►
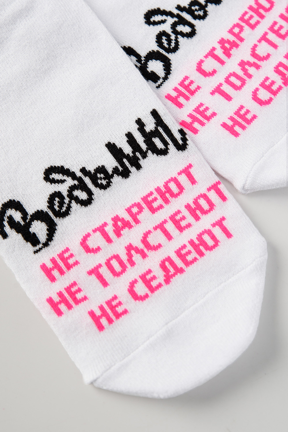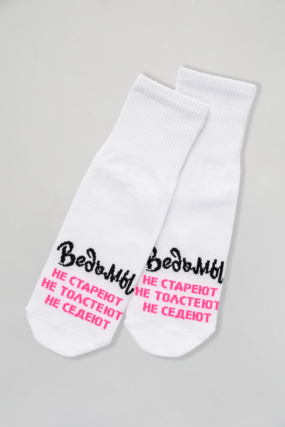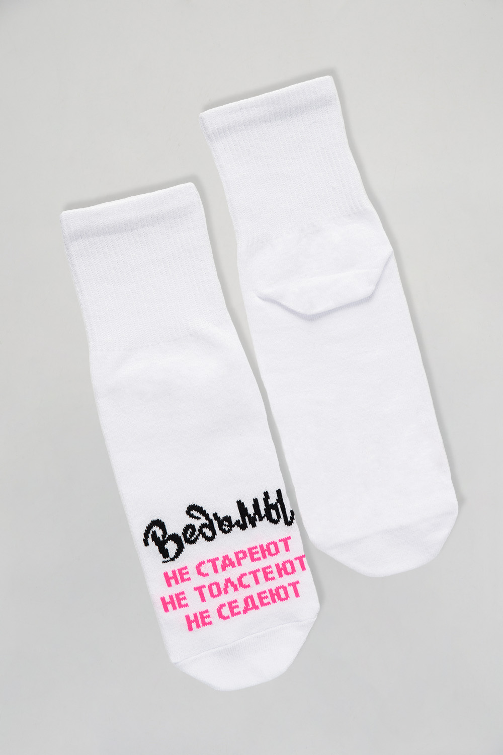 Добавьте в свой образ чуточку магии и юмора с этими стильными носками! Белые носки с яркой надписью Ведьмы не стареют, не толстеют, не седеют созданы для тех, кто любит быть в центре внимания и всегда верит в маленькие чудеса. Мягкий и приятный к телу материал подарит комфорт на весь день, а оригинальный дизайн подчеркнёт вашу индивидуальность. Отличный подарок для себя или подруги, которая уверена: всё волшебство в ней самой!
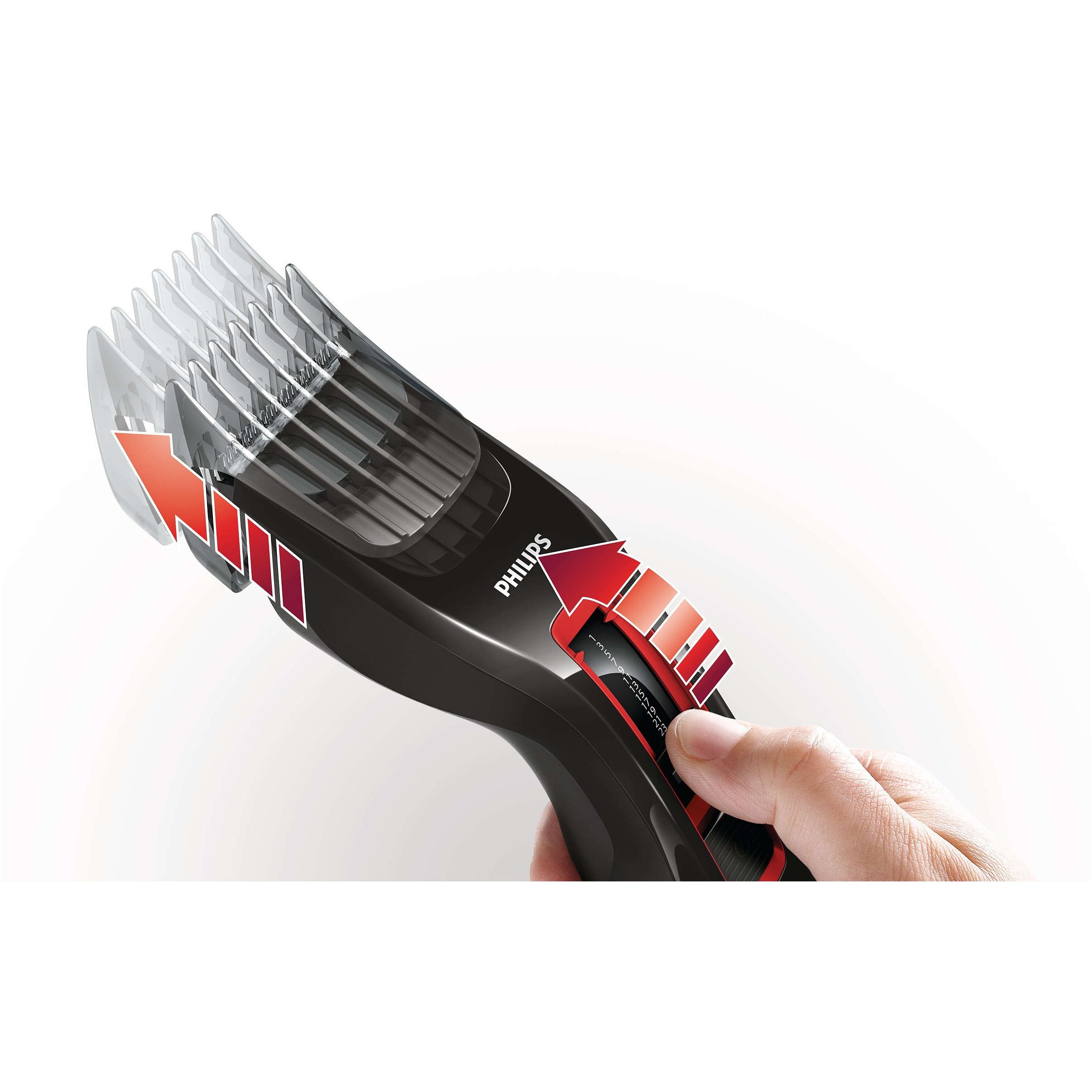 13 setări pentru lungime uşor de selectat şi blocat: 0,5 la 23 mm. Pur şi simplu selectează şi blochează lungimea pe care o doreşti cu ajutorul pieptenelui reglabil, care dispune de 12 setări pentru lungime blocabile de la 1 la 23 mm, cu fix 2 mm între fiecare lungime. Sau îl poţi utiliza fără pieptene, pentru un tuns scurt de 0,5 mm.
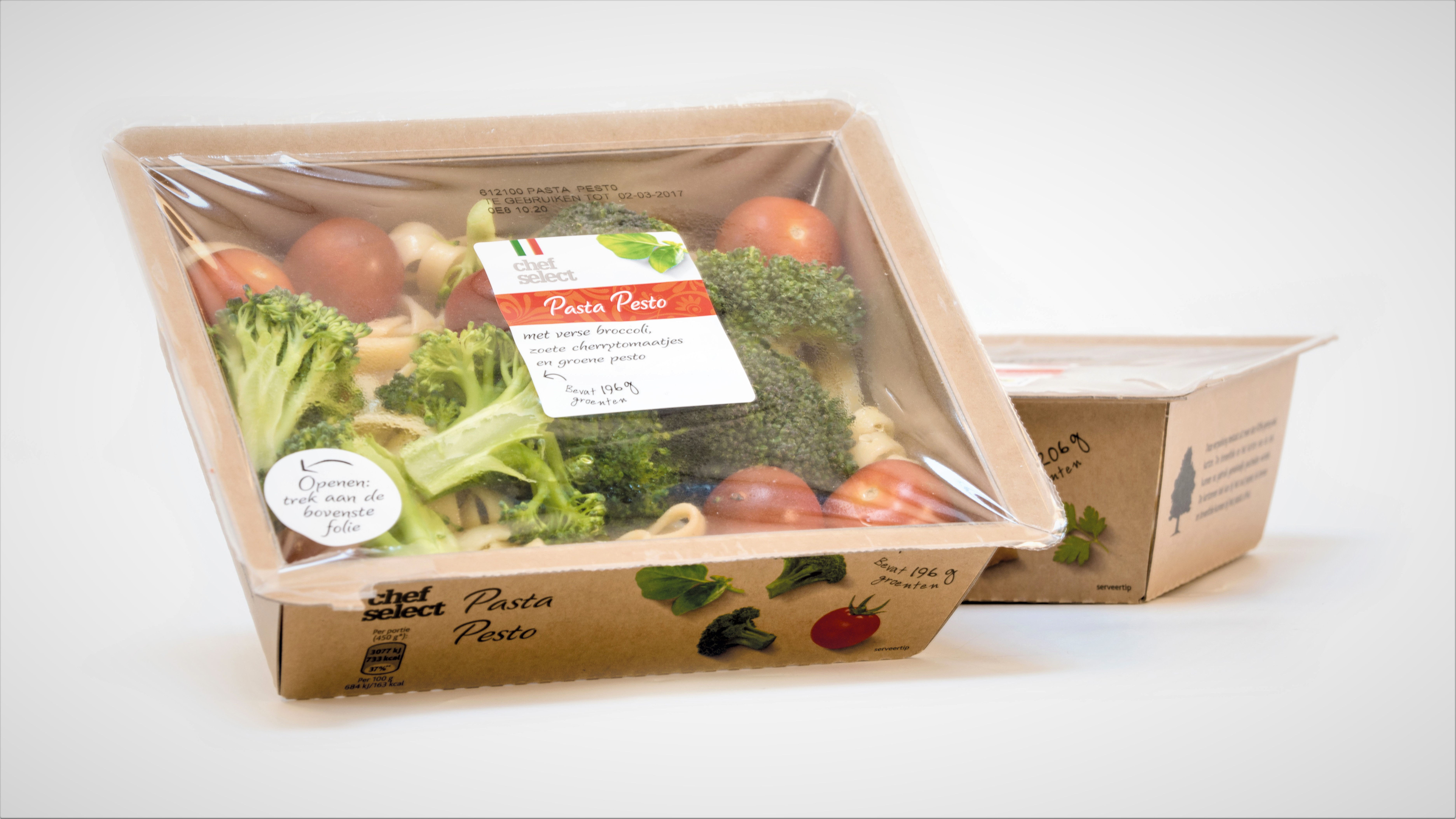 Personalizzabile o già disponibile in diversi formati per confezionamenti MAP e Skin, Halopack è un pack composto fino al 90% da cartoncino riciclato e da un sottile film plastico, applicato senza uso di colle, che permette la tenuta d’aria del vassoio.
◄
►
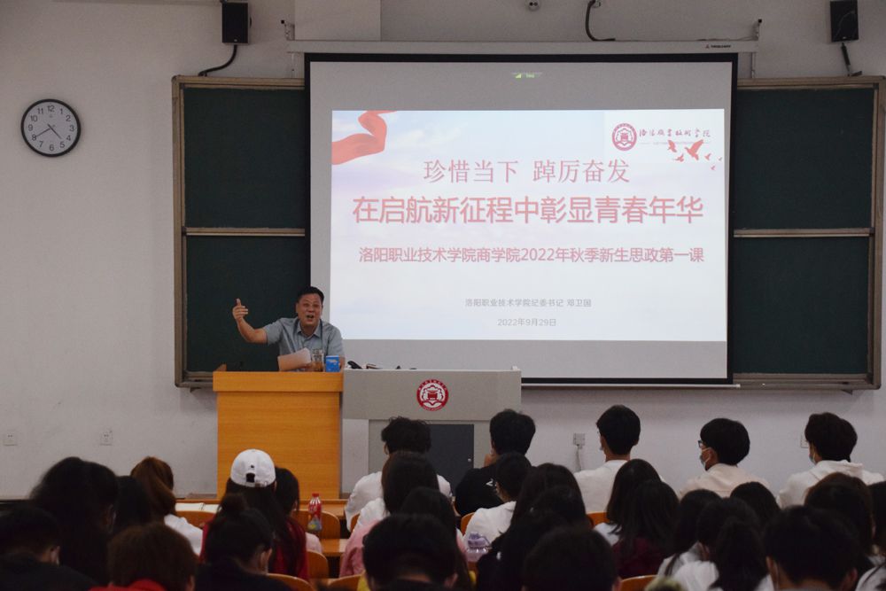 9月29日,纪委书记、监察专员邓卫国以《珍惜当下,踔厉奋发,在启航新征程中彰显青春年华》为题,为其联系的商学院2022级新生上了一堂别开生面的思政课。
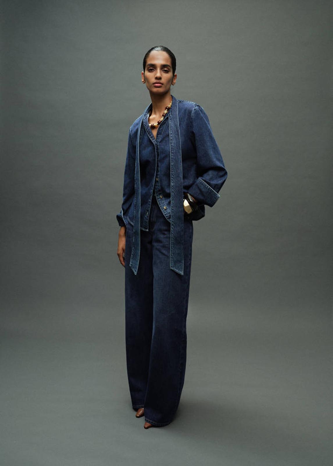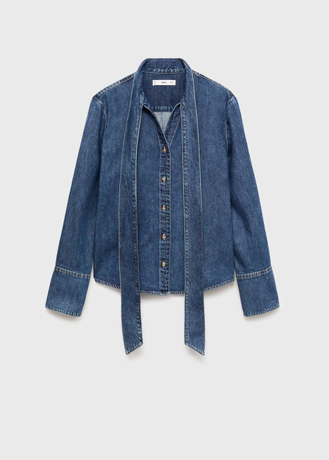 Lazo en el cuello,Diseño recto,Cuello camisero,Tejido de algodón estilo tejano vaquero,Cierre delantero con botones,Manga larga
◄
►
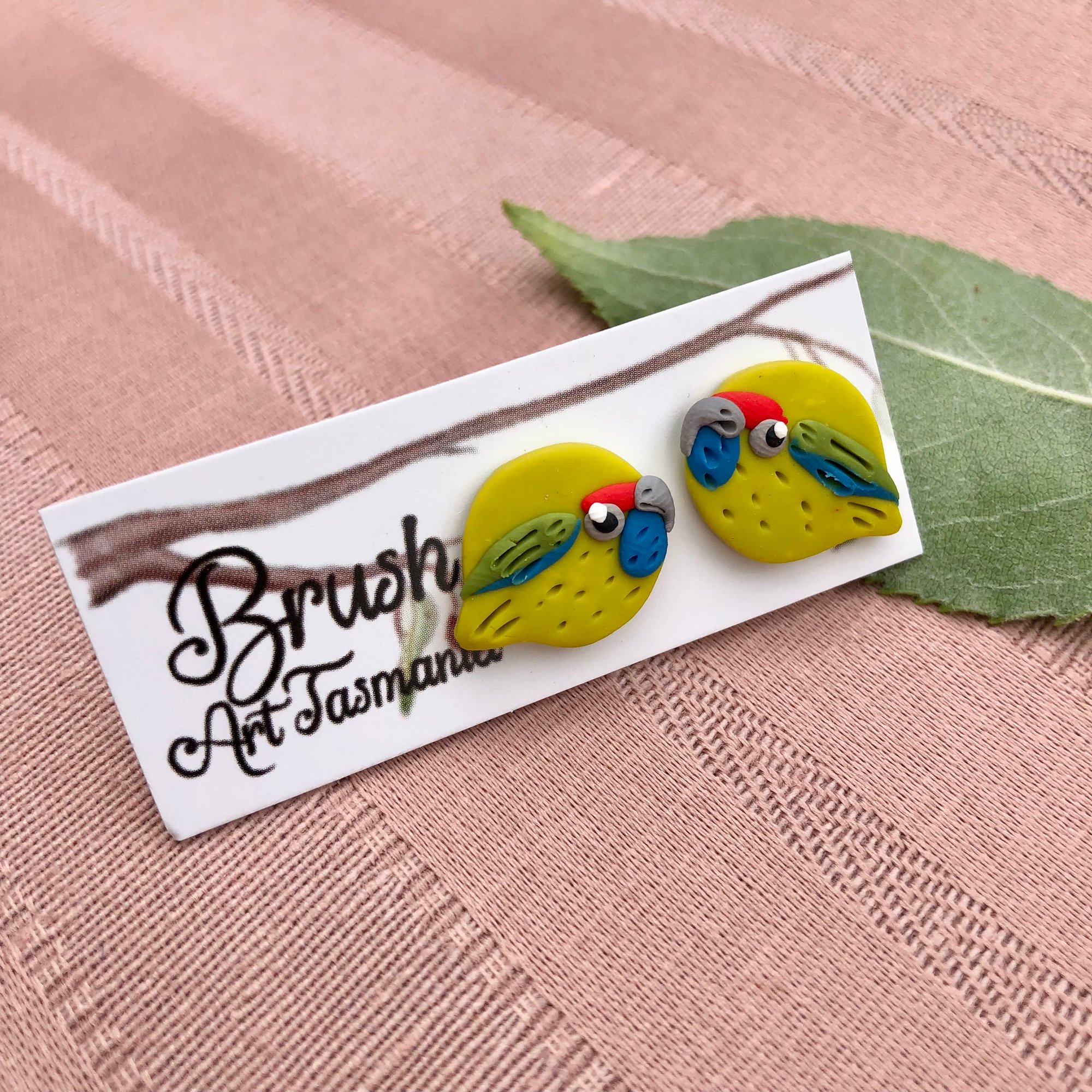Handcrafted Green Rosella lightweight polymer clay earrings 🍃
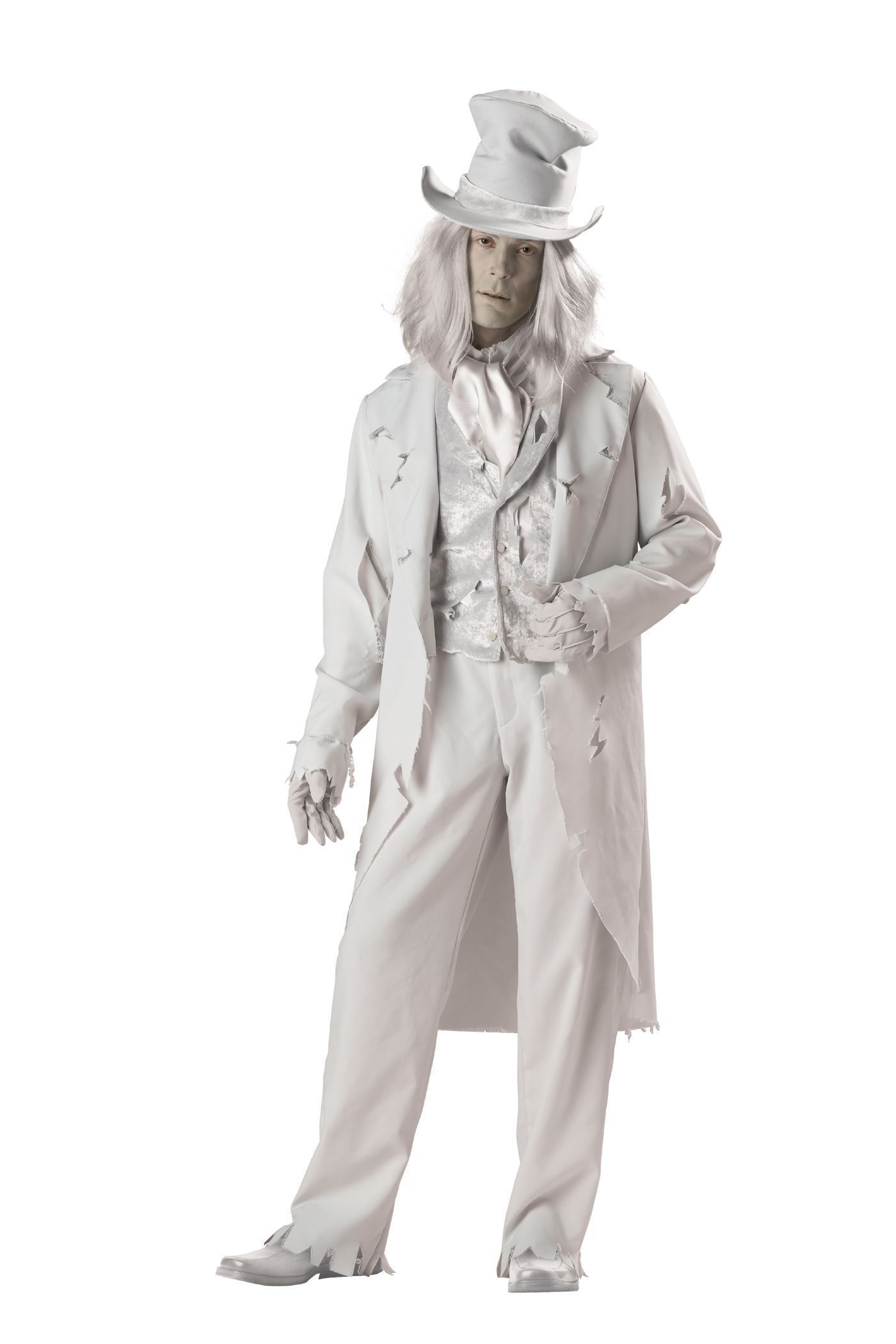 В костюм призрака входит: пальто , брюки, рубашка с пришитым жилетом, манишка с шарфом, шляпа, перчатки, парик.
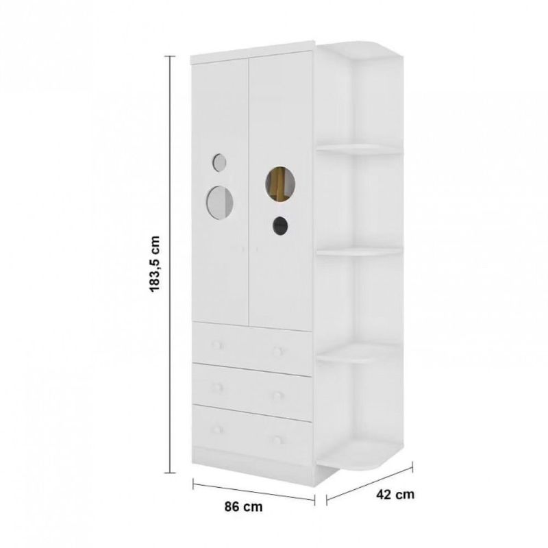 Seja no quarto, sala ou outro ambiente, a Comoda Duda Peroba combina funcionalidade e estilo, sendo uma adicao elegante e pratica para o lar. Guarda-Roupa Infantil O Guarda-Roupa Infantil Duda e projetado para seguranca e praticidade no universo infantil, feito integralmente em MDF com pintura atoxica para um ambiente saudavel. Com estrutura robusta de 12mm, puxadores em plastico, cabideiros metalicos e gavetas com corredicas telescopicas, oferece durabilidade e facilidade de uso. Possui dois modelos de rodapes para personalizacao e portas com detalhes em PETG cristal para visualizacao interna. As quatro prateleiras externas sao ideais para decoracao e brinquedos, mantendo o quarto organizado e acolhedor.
◄
Task objective: Would you restate, exactly and with no pictures, the lines of the entries above from the one containing "В костюм призрака" through the one containing "Seja no quarto, sala"?

Solution below:
 В костюм призрака входит: пальто , брюки, рубашка с пришитым жилетом, манишка с шарфом, шляпа, перчатки, парик.
 Seja no quarto, sala ou outro ambiente, a Comoda Duda Peroba combina funcionalidade e estilo, sendo uma adicao elegante e pratica para o lar. Guarda-Roupa Infantil O Guarda-Roupa Infantil Duda e projetado para seguranca e praticidade no universo infantil, feito integralmente em MDF com pintura atoxica para um ambiente saudavel. Com estrutura robusta de 12mm, puxadores em plastico, cabideiros metalicos e gavetas com corredicas telescopicas, oferece durabilidade e facilidade de uso. Possui dois modelos de rodapes para personalizacao e portas com detalhes em PETG cristal para visualizacao interna. As quatro prateleiras externas sao ideais para decoracao e brinquedos, mantendo o quarto organizado e acolhedor.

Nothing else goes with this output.